Offended as I am by the Ocean’s franchise’s suggestion that women are only eight-elevenths as interesting as men, Ocean’s Eight turns out to be breezy summer fun, a larkish and adroit heist movie with some well-executed tweaks to a formula that had gone a bit stale in Ocean’s Thirteen. In other words, no, this isn’t a Lady Ghostbusters–style failure.

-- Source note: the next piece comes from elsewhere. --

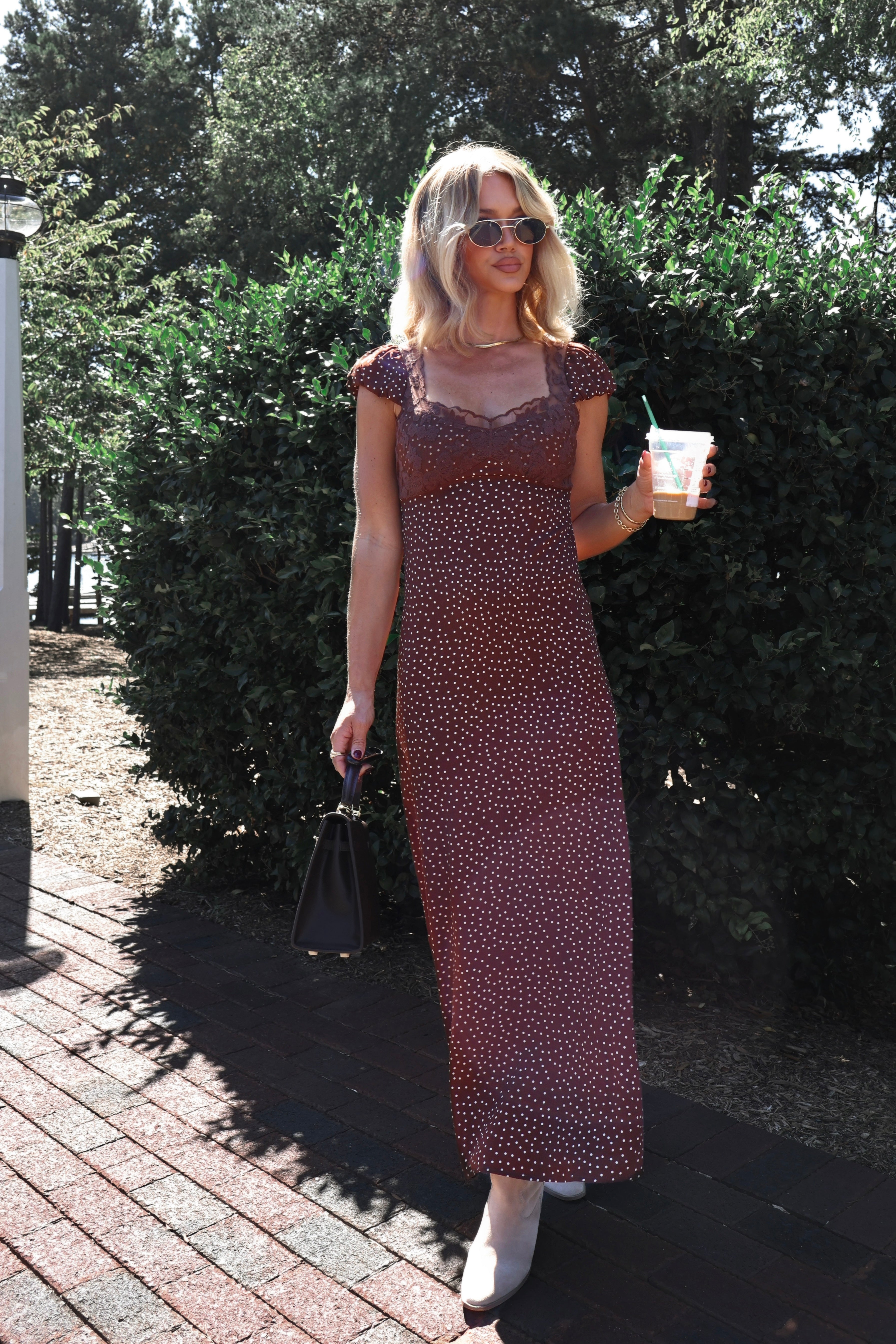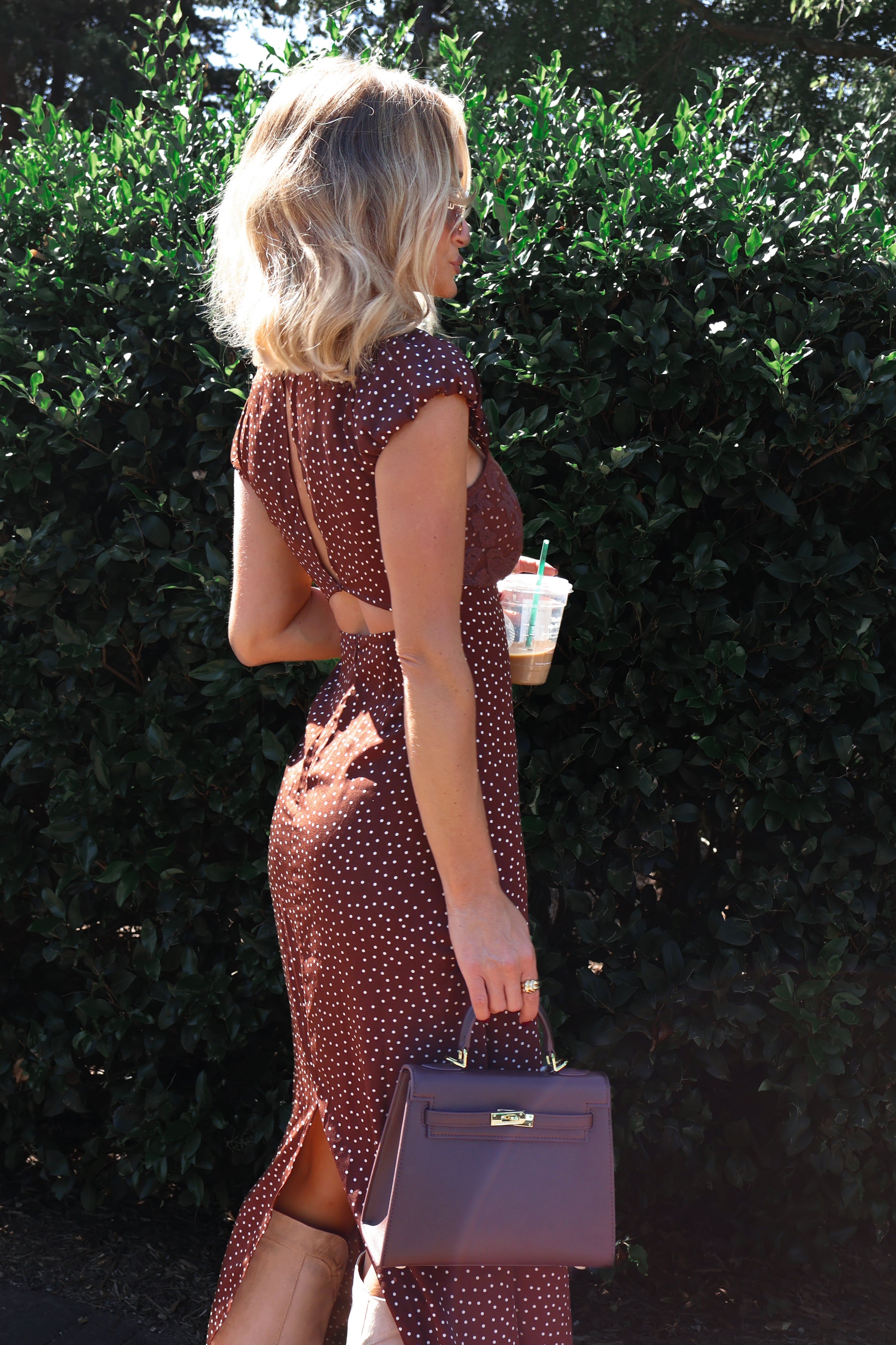 • Brown and white polka dot dress

The elaborate swindle takes place at the Met Gala, the annual fancy-dress party that takes place each May. It’s a brilliant setting — visually dazzling, bathed in mystique, full of characters from snooty European aristos to Katie Holmes — and the impossibly complicated theft is smartly imagined, if hard to believe. (Wouldn’t priceless jewelry have a tracking device built in? I mean, my iPhone has one.) Career grifter Debbie Ocean (Sandra Bullock) perfected every detail of the robbery during a five-year prison term during which, alas, her brother Danny died. (I’ll believe it when I see the body; I was expecting a post-credits sequence, but there isn’t one.)
Debbie’s old partner in small-time scams, a biker chick named Lou (Cate Blanchett), would prefer to stay clear of trouble, but then she hears about the prize: a $150 million Cartier diamond necklace that will be worn to the gala by the arrogant but self-doubting movie star Daphne (Anne Hathaway). A wacky Irish fashion designer (Helena Bonham Carter), a Caribbean hacker (Rihanna), a professional diamond appraiser (Mindy Kaling), a fence (Sarah Paulson), and a street-scam artist (Awkwafina) are easily persuaded to join the squad.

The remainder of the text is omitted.